The first thing you should do if you want to run computationally intensive Erlang code is to use native code. Compiling with erlc +native euler12 got the time down to 41.3 seconds. This is however a much lower speedup (just 15%) than expected from native compilation on this kind of code, and the problem is your use of -compile(export_all). This is useful for experimentation, but the fact that all functions are potentially reachable from the outside causes the native compiler to be very conservative. (The normal BEAM emulator is not that much affected.) Replacing this declaration with -export([solve/0]). gives a much better speedup: 31.5 seconds (almost 35% from the baseline).

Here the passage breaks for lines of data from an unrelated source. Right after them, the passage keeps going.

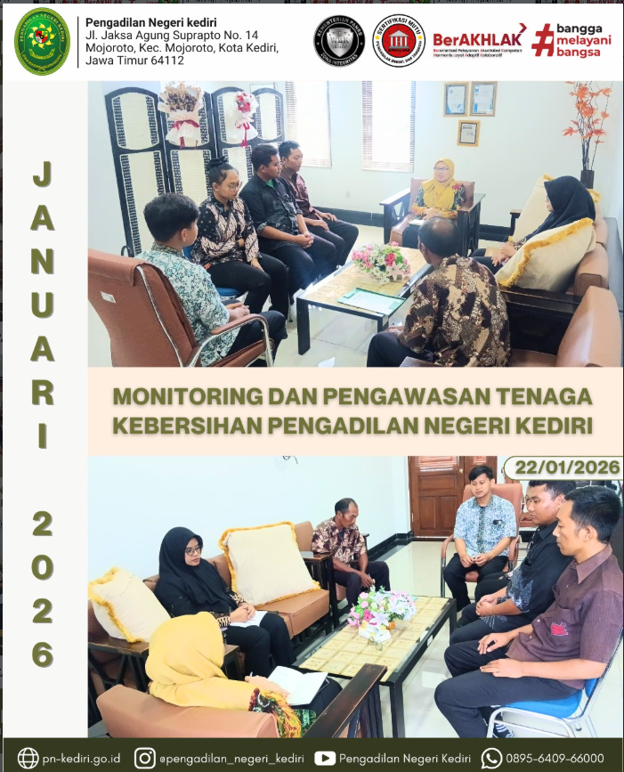 Kediri, 22 Januari 2026 Pengadilan Negeri Kediri melaksanakan kegiatan monitoring dan pengawasan terhadap tenaga kebersihan pada Pengadilan Negeri Kediri. Kegiatan tersebut dihadiri oleh Sekretaris Pengadilan Negeri Kediri, Ibu Diana Setyawati, S.E., M.M., serta Kepala Subbagian Umum dan Keuangan Pengadilan Negeri Kediri, Ibu Rina Ariani Rahayu, S.E., dan diikuti oleh seluruh tenaga kebersihan Pengadilan Negeri Kediri.…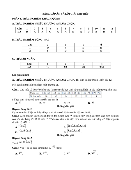 A. TRẮC NGHIỆM NHIỀU PHƯƠNG ÁN LỰA CHỌN. Thí sinh trả lời từ câu 1 đến câu 12.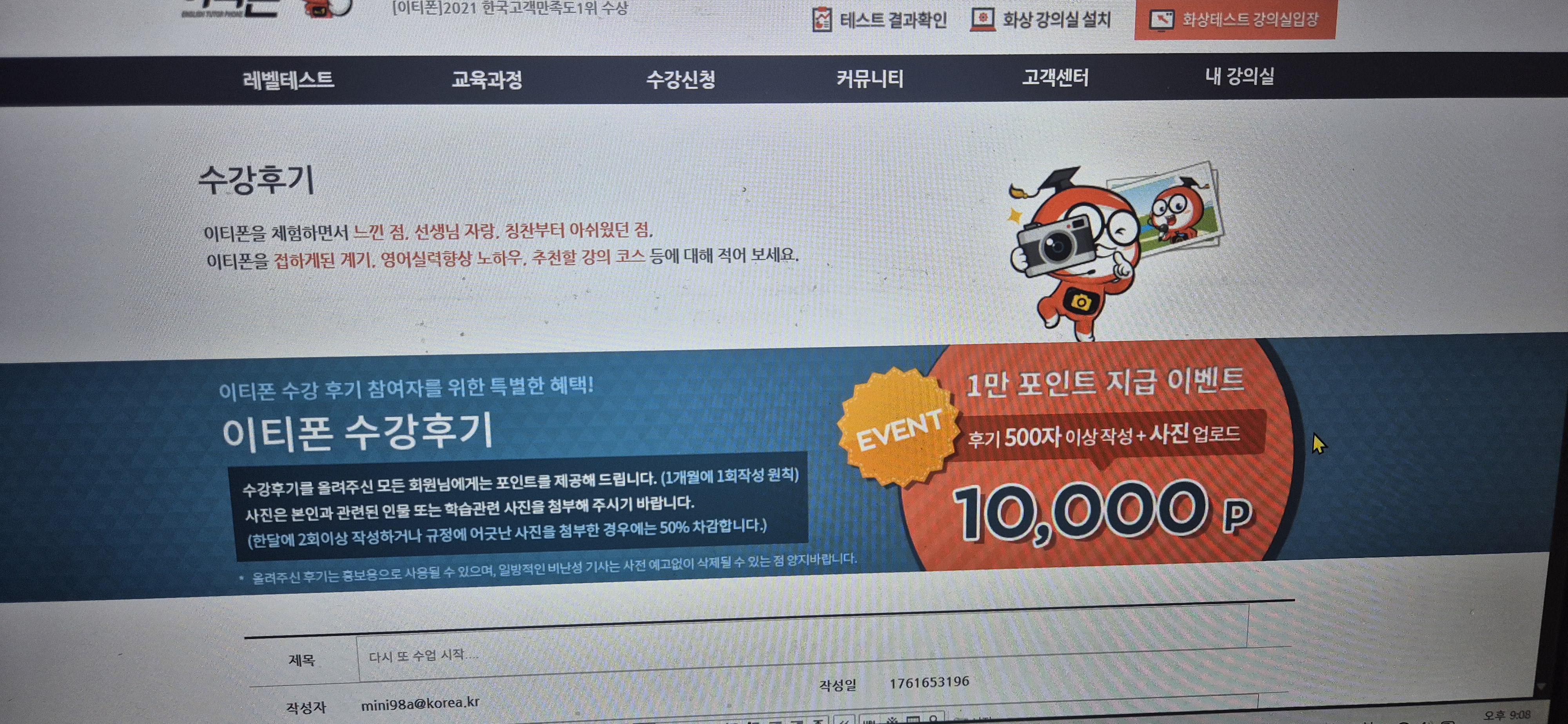 이티폰을 접하게된 계기, 영어실력향상 노하우, 추천할 강의 코스 등에 대해 적어 보세요.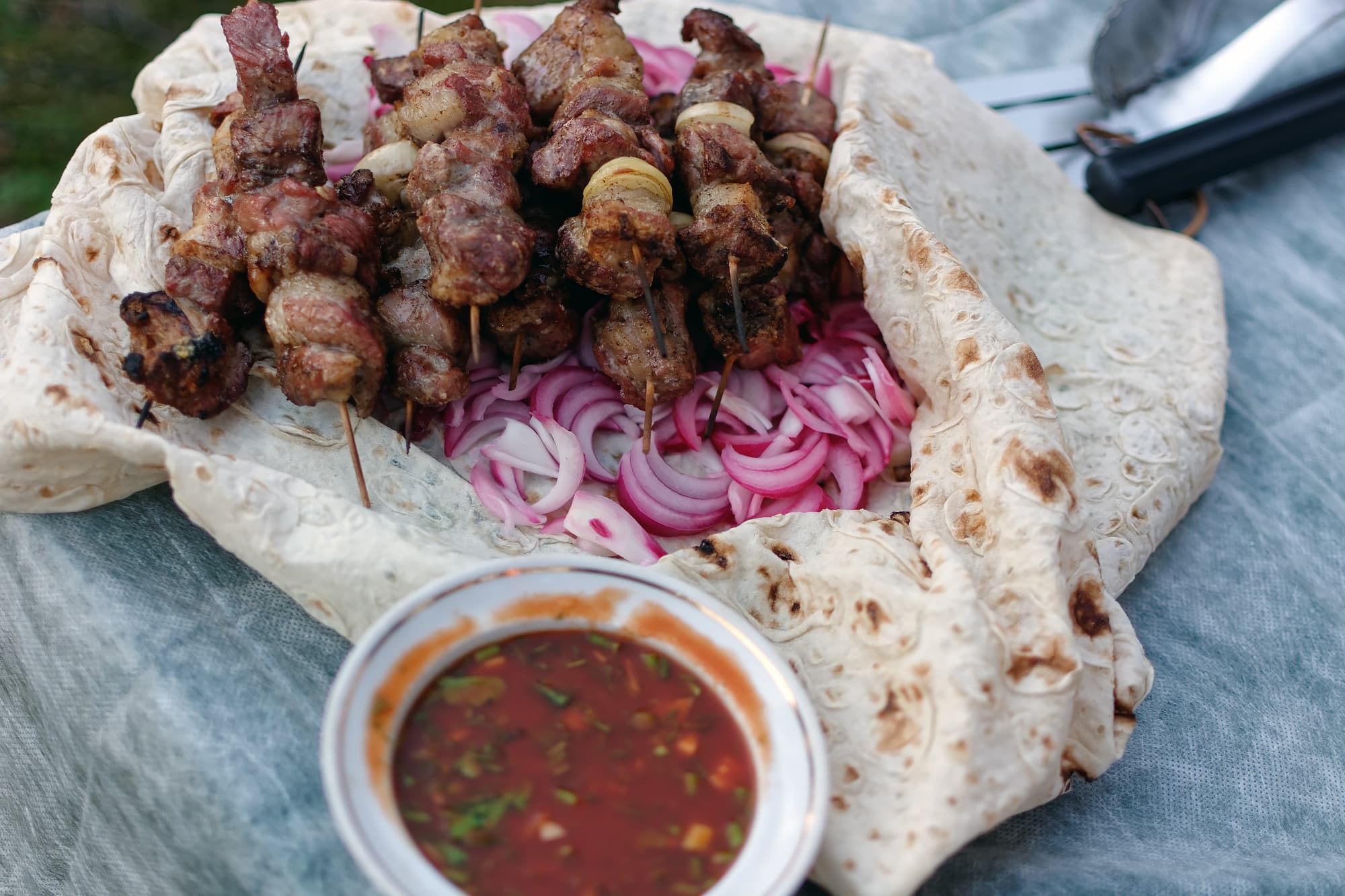 Готовность определяли по внешнему виду. К баранине подали лаваш, предварительно замаринованный крымский лук (пару луковиц нарезали перьями и побрызгали уксусом, перемешали и дали постоять с полчаса), а также соус, которые многие наверняка помнят по советскому югу: томатная паста, вода, соль, немного аджики, чеснок и горсть зелени, в нашем случае — кинзы и петрушки).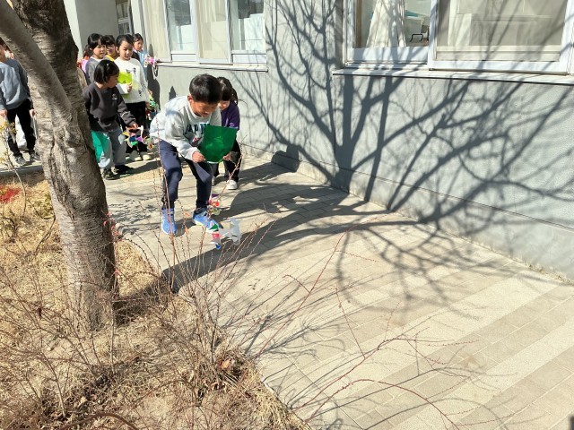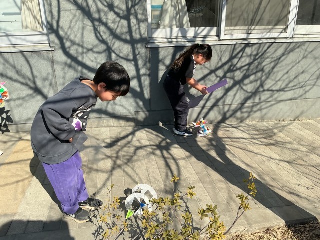生活科の時間に紙皿を使って、「かざわ」を作りました。転がった時に、キレイに見えるように色の塗り方を工夫しました!今日の校庭は、あまり風がなかったので、下敷きにも手伝ってもらって「かざわ競走」をしました!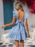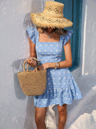 Vivid Eden Woven Flared Sleeve Square Neck Ruffle Hem Women Mini Dress Spring And Summer Outfits Summer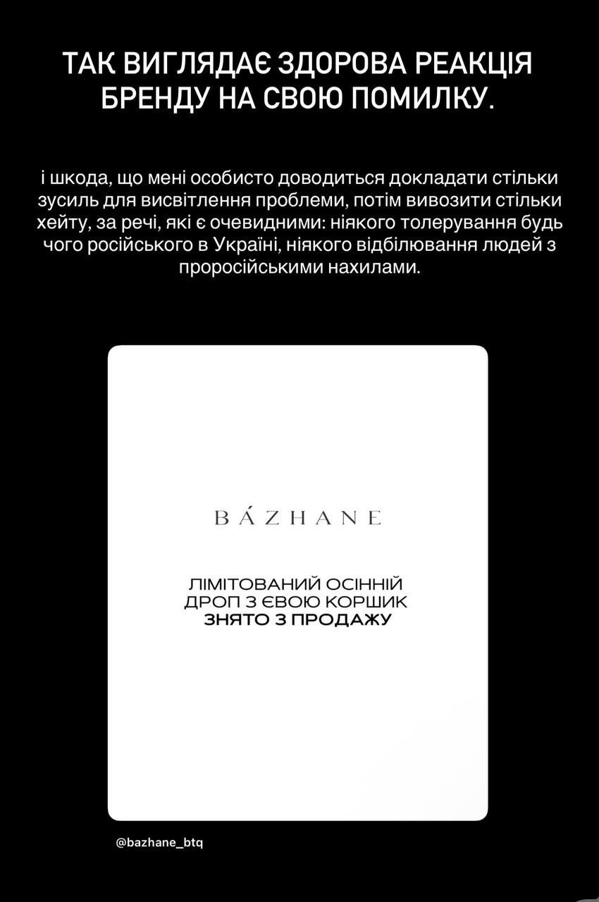 До дискусії приєдналася скандальна блогерка Олена Мандзюк, зазначивши, що українські бренди часто обирають для співпраці інфлюенсерів без чіткої громадянської позиції. У своїх Instagram-сториз знаменитість підкреслила правильні дії компанії та наголосила на важливості висвітлення проблемних ситуацій: “Ніякого толерування будь-чого російського в Україні та відбілювання людей з проросійськими нахилами”.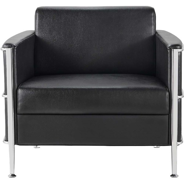 The Eclipse Lounge Range offers a contemporary seating solution with a chrome wrap-around frame and black PU leather upholstery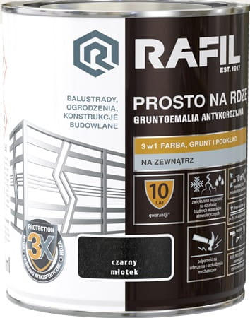 RAFIL PROSTO NA RDZĘ to specjalistyczna gruntoemalia 3w1 stosowana bezpośrednio na powierzchnie stalowe i żeliwne eksploatowane na zewnątrz. Ta łatwa w aplikacji, szybkoschnąca farba charakteryzuje się doskonałą przyczepnością i dobrym kryciem. Dzięki niezwykle trwałej i elastycznej powłoce doskonale chroni powierzchnie metalowe przed szkodliwymi warunkami atmosferycznymi i przed korozją. Właściwości farby zostały potwierdzone Krajową Oceną Techniczną.

But the code itself has a problem: for each iteration in the factorCount loop, you perform this test:

factorCount (_, Sqrt, Candidate, Count) when Candidate == Sqrt -> Count + 1;

The C code doesn't do this. In general, it can be tricky to make a fair comparison between different implementations of the same code, and in particular if the algorithm is numerical, because you need to be sure that they are actually doing the same thing. A slight rounding error in one implementation due to some typecast somewhere may cause it to do many more iterations than the other even though both eventually reach the same result.

To eliminate this possible error source (and get rid of the extra test in each iteration), I rewrote the factorCount function as follows, closely modelled on the C code:

factorCount (N) ->
    Sqrt = math:sqrt (N),
    ISqrt = trunc(Sqrt),
    if ISqrt == Sqrt -> factorCount (N, ISqrt, 1, -1);
       true          -> factorCount (N, ISqrt, 1, 0)
    end.

factorCount (_N, ISqrt, Candidate, Count) when Candidate > ISqrt -> Count;
factorCount ( N, ISqrt, Candidate, Count) ->
    case N rem Candidate of
        0 -> factorCount (N, ISqrt, Candidate + 1, Count + 2);
        _ -> factorCount (N, ISqrt, Candidate + 1, Count)
    end.

This rewrite, no export_all, and native compilation, gave me the following run time:

$ erlc +native euler12.erl
$ time erl -noshell -s euler12 solve
842161320

real    0m19.468s
user    0m19.450s
sys 0m0.010s

which is not too bad compared to the C code:

$ time ./a.out 
842161320

real    0m12.755s
user    0m12.730s
sys 0m0.020s

considering that Erlang is not at all geared towards writing numerical code, being only 50% slower than C on a program like this is pretty good.

Finally, regarding your questions:

Question 1: Do erlang, python and haskell loose speed due to using arbitrary length integers or don't they as long as the values are less than MAXINT?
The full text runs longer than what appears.